DRIPS: Domain Randomisation for Image-based Perivascular spaces Segmentation
Authors
Affiliations (1)
Affiliations (1)
- Cerebrovascular Imaging and Research Lab, Department Artificial Intelligence in Biomedical Engineering (AIBE), Friedrich-Alexander-Universität Erlangen-Nürnberg
Abstract
Perivascular spaces (PVS) are emerging as sensitive imaging markers of brain health. However, out-of-sample PVS segmentation remains challenging, as existing methods are modality-specific or require cohort-specific tuning. We propose DRIPS (Domain Randomisation for Image-based PVS Segmentation), a physics-inspired domain randomisation framework for out-of-sample PVS segmentation. We tested DRIPS out-of-sample on real imaging data from five cohorts comprising individuals with diverse health conditions (N=165; T1w and T2w, isotropic and anisotropic imaging) and on a 3D ex vivo brain model reconstructed from histology.
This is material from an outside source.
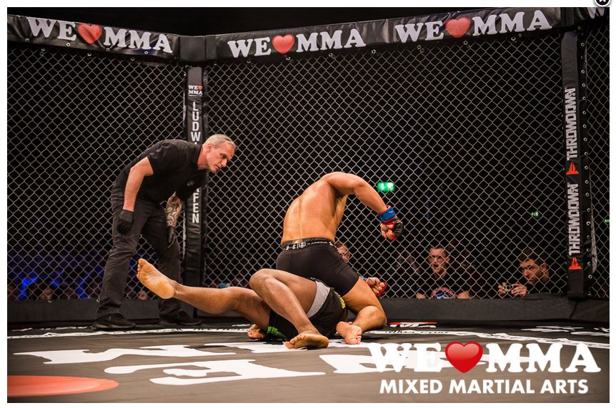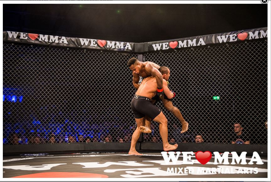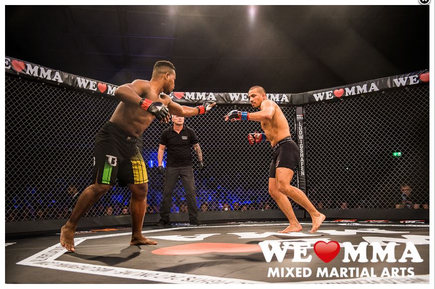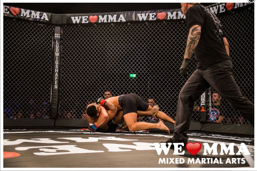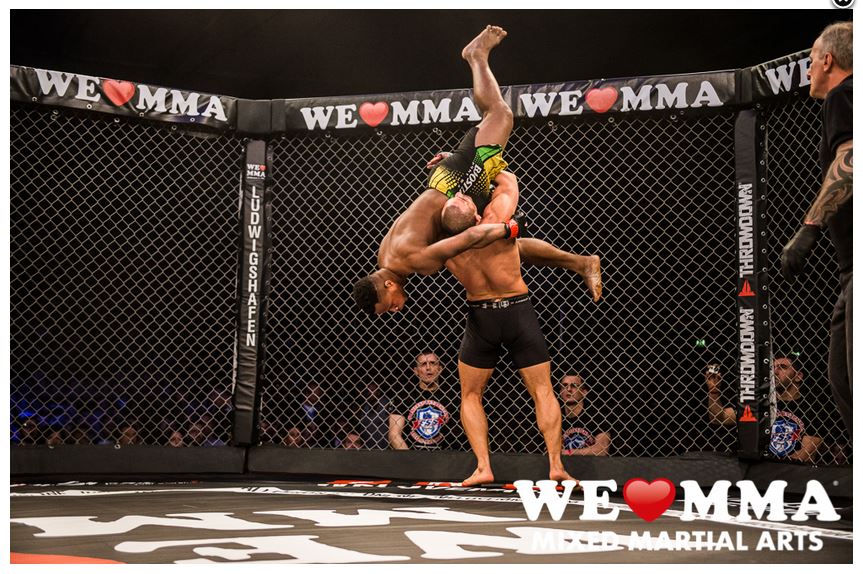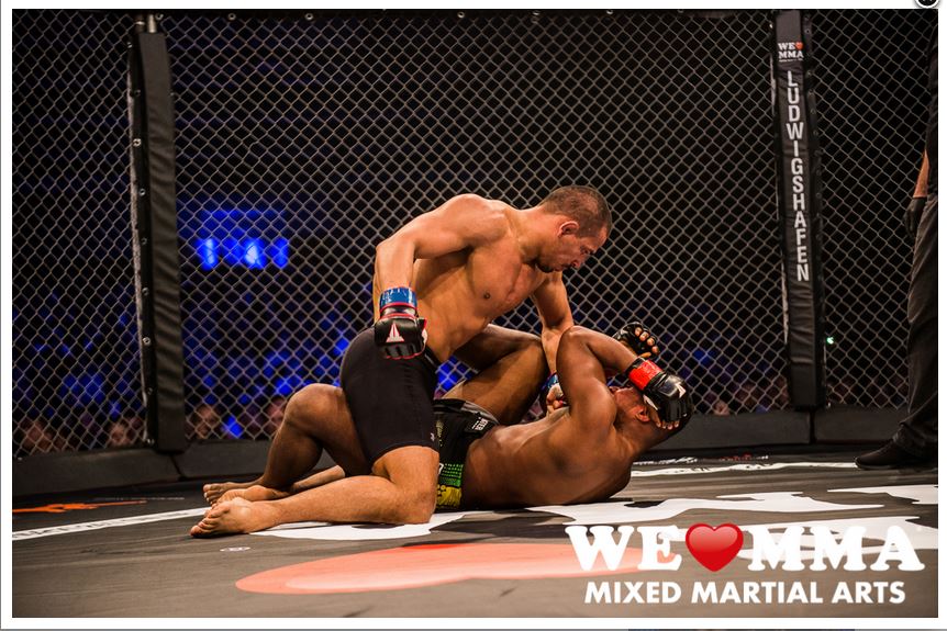 Bundesligaringer Carsten Kopp gibt für das FSS Kampfsportzentrum Rhein-Neckar sein MMA-Debüt bei We love MMA. Dabei überzeugt er mit spektakulären Takedowns und Top Control gegen seinen Gegner aus Ghana und holt sich einen eindeutigen Punktsieg. Gratulation, weiter so!

We evaluated its segmentation against manual PVS segmentations using the area under the precision-recall curve (AUPRC) and the Dice similarity coefficient (DSC), and compared it with both classical and deep learning methods, namely Frangi, RORPO, SHIVA-PVS, and nnU-Net. Only DRIPS and Frangi had AUPRC values above chance level across all cohorts and the ex vivo brain model. On isotropic images, DRIPS and nnU-Net performed comparably, surpassing the third-best method by a median of +0.17-0.39 AUPRC and +0.09-0.26 DSC. On anisotropic images, DRIPS outperformed all competitors, exceeding the second-best method by a median of +0.13-0.22 AUPRC and +0.07-0.14 DSC. Unlike other methods, the performance of DRIPS was not associated with the volume of white matter hyperintensities. These results position DRIPS as an effective method for PVS segmentation that generalise well across heterogeneous imaging settings without the need for manually labelled data, modality-specific models, or cohort-specific tuning.